Our recently announced affiliation with Anderson Regional Medical Center in Meridian is one example of this trend, and there are others in the pipeline. Passage last year of the Health Care Collaboration Act by the Mississippi Legislature, which increases our flexibility to form these kinds of arrangements, is an important tool for us going forward. The HCCA also includes a provision to exempt clinical purchases from state procurement regulations, which has already resulted in substantial savings and efficiencies and is projected to help us save as much as $2.6 million this year.

Breaking ground on the Children’s of Mississippi expansion last month was a crucial milestone in achieving our third goal. Now we have a 30-month construction timeline to complete the project. In the meantime, we are working steadily toward our $100 million private fundraising goal and have just crested $60 million in pledges. Part of our legislative agenda this year will include asking state leaders for $8 million per year for three years, or a total of $24 million, in bond funding to support the project.

Extending our subspecialty pediatric care to every child in Mississippi requires us to reach beyond our campus and establish a presence in other parts of the state. That’s why we’ll continue to expand our footprint in outlying locations. The most recent example is the opening of practice locations in Gulfport and working with Gulfport Memorial Hospital to assume management of its neonatal intensive care unit.

Our collaboration with the Mayo Clinic, which had been in place for many years but reached a new level of magnitude with a formal, 20-year agreement signed in 2014, will continue to be a major focus in 2018. Most prominently, we are establishing confluent systems for biobanking and for clinical research, facilitating collaboration on a wide array of precision medicine studies and clinical trials. When we complete the buildout of the seventh floor of University Hospital as a clinical research unit later this year, we will co-brand it with the Mayo Clinic.

We are excited about our partnership with Mayo and will continue to work on the initiatives described above and a number of others. Further, we anticipate significant additional opportunities will continue to emerge, especially as we open our clinical trials unit and expand learning opportunities for our students.

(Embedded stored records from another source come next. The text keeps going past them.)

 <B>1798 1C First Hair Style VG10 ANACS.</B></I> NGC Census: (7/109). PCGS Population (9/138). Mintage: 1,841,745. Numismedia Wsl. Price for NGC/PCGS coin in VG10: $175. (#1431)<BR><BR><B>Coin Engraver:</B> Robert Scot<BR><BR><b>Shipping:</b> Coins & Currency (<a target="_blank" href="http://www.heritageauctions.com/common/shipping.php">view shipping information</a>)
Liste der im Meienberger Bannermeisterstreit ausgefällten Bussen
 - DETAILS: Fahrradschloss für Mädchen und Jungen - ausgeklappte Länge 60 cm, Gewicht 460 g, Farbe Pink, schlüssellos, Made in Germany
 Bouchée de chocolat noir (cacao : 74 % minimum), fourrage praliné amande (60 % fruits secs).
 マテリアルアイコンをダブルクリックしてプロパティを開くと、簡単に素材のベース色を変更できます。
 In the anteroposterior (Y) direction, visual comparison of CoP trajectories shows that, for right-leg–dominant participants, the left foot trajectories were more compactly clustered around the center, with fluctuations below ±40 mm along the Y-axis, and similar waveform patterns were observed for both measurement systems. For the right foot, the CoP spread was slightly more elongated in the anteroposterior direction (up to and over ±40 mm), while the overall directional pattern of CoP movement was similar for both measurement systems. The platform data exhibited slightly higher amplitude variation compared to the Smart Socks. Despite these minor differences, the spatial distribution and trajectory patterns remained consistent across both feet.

Our academic programs have surged in enrollment during the last decade and we now have about 3,000 learners, including residents and fellows, plus 229 Pharm.D. students who are counted in the enrollment on the Oxford campus. We’ll continue to see growth in almost all programs as we seek to supply the state with health care providers and other professionals it needs.

A key driver of growth will be the John D. Bower School of Population Health, which will gradually expand from its current first-year enrollment of five students. Another driver will be the School of Medicine, which will increase by at least 10 students per entering class in the near term. Growth in the School of Nursing and the School of Dentistry, which have significant potential to expand based on state workforce needs, will be dependent in part on garnering additional resources, including classroom and clinical lab space.

We would also expect to see strategic growth in our residency programs, partly in response to the expanded medical school class size and also in relation to our collaborations with other health systems that have a desire to serve as training sites.

Whew! That review just barely scratches the surface of what’s ahead of us in 2018. Although these areas of focus represent our priorities, they by no means cover all the things that we will be working on and that, indeed, we must work on to continue to grow and prosper as an organization. Piloting the development of service lines in a number of clinical disciplines, for example, is an important objective, as is a renewed effort to enhance the functionality and user experience with our electronic health record. We will also continue to focus on the many issues that impact our state, such as the opioid crisis, infant prematurity and mortality, and obesity.

It’s another year and another exciting chapter in our story of leading the way to A Healthier Mississippi. Thank you for all you are doing to help us get there.